| Source data |
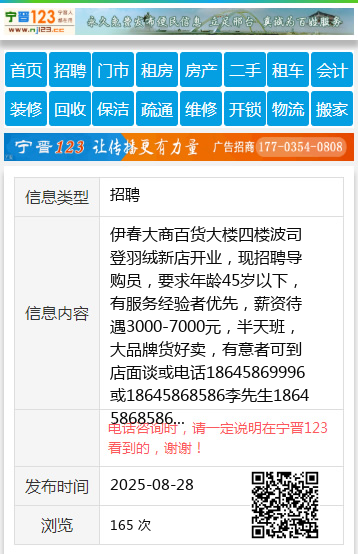 伊春大商百货大楼四楼波司登羽绒新店开业,现招聘导购员,要求年龄45岁以下,有服务经验者优先,薪资待遇3000-7000元,半天班,大品牌货好卖,有意者可到店面谈或电话18645869996或18645868586李先生18645868586 【电话咨询时,请一定说明在伊春信息网看到的,谢谢!】 |
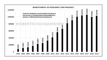 Clientelismo político también es haber llevado de 81.539 beneficiarios por invalidez laboral a 1.032.926, como puede verse en el gráfico. Casi un millón más sin haber tenido una guerra, un terremoto o un tsunami. Este programa tiene un costo de $156.487 millones para 2020, según el Presupuesto.
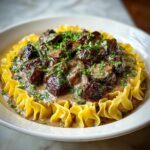 Plate the stroganoff by layering the tender beef and creamy sauce over the warm, buttered noodles. Sprinkle chopped fresh parsley on top for a fresh, colorful finish. This simple garnish brightens the dish and adds an inviting aroma that will make it impossible to wait for that first bite.
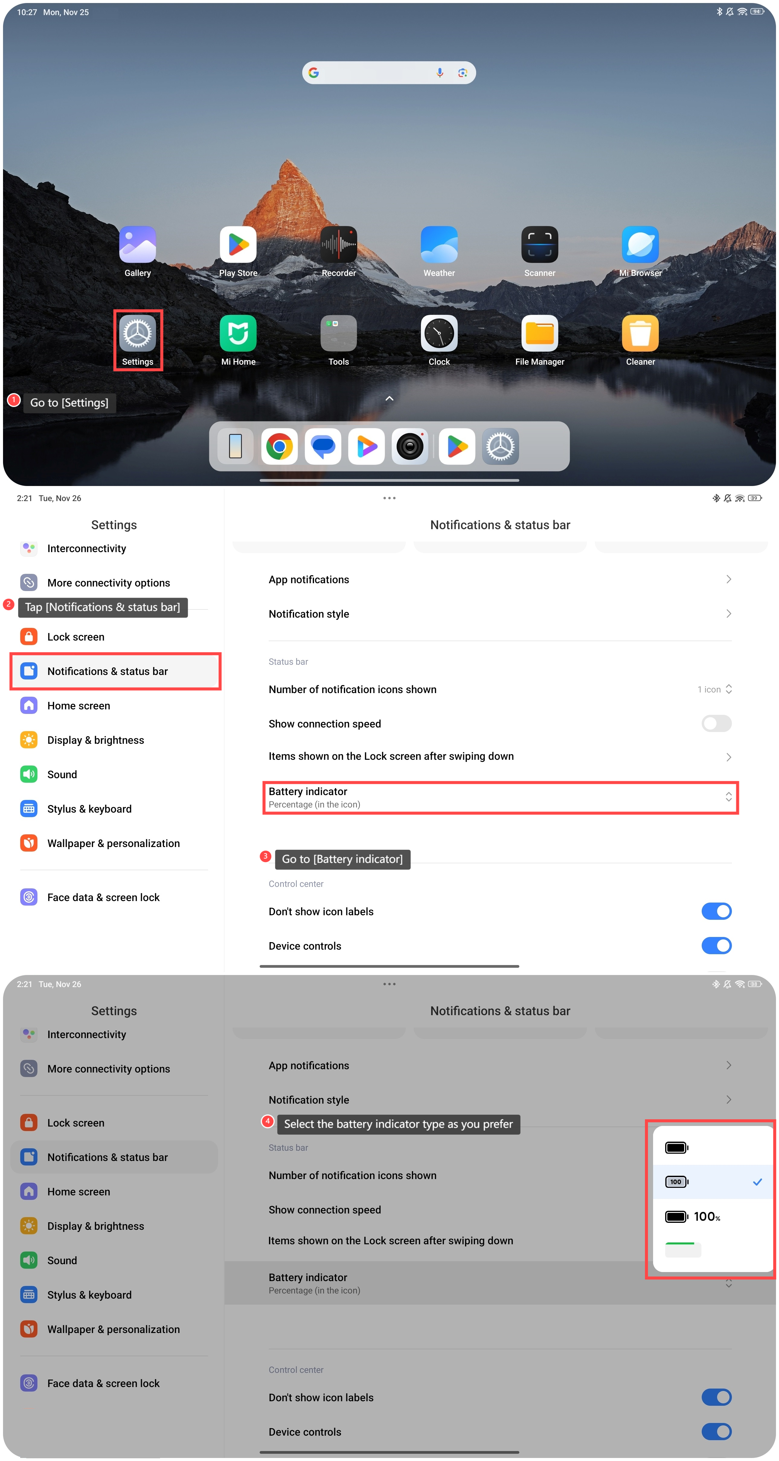 The battery indicator on the Redmi Pad Pro allows you to see your tablet’s remaining charge level and the charging status at a glance. You can adjust the battery indicator type as you prefer. Besides the battery indicator will show various colors and symbols to convey important information. Such as if the battery is low, the battery icon turns red. By providing this real-time feedback, the battery indicator helps you decide when to charge your tablet and you can plan your use of the tablet accordingly. To adjust the battery indicator type on the Redmi Pad Pro, please refer to the following steps: 1. Go to [Settings]; 2. Tap [Notifications & status bar]; 3. Go to [Battery indicator]; 4. Select the battery indicator type as you prefer.
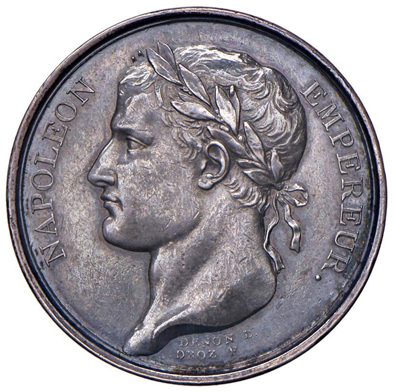 MEDAGLIA IN ARGENTO PER L’INCORONAZIONE DI NAPOLEONE AN. XIII (1804) OP. DROZ & GALLE Ar gr. 8,6 mm. 25 Testa a s. R/ Napoleone sostenuto da due soldati Rara. Leggera patina di monetiere, SPL Rare. Light cabinet tone, EF
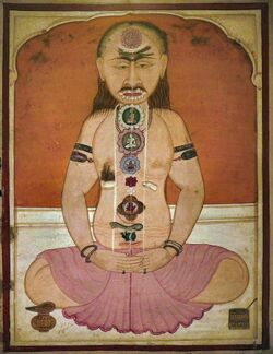 Different manuscripts offer different titles for the text, including Haṭhayogapradīpikā, Haṭhapradīpikā, Haṭhapradī, and Hath-Pradipika.[3] It was composed by Svātmārāma in the 15th century as a compilation of the earlier haṭha yoga texts. Svātmārāma incorporates older Sanskrit concepts into his synthesis. He introduces his system as a preparatory stage for physical purification before higher meditation or Raja Yoga.[4]
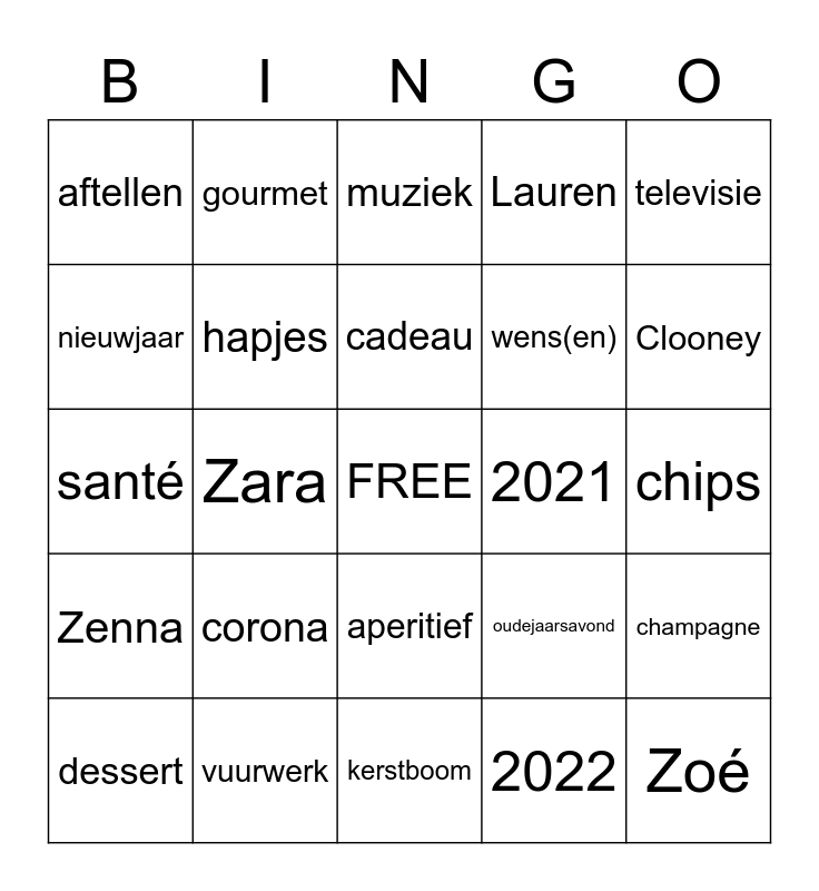 This bingo card has a free space and 24 words: corona, vuurwerk, cadeau, dessert, televisie, aftellen, nieuwjaar, gourmet, 2021, aperitief, wens(en), santé, oudejaarsavond, champagne, hapjes, 2022, chips, muziek, Clooney, Zara, Zoé, Zenna, Lauren and kerstboom.

| The task |
Where the line containing "Different manuscripts offer" appears in the entries above, start there and set down every line exactly through the last one, inclusive; omit pictures.

| Solved problem |
 Different manuscripts offer different titles for the text, including Haṭhayogapradīpikā, Haṭhapradīpikā, Haṭhapradī, and Hath-Pradipika.[3] It was composed by Svātmārāma in the 15th century as a compilation of the earlier haṭha yoga texts. Svātmārāma incorporates older Sanskrit concepts into his synthesis. He introduces his system as a preparatory stage for physical purification before higher meditation or Raja Yoga.[4]
 This bingo card has a free space and 24 words: corona, vuurwerk, cadeau, dessert, televisie, aftellen, nieuwjaar, gourmet, 2021, aperitief, wens(en), santé, oudejaarsavond, champagne, hapjes, 2022, chips, muziek, Clooney, Zara, Zoé, Zenna, Lauren and kerstboom.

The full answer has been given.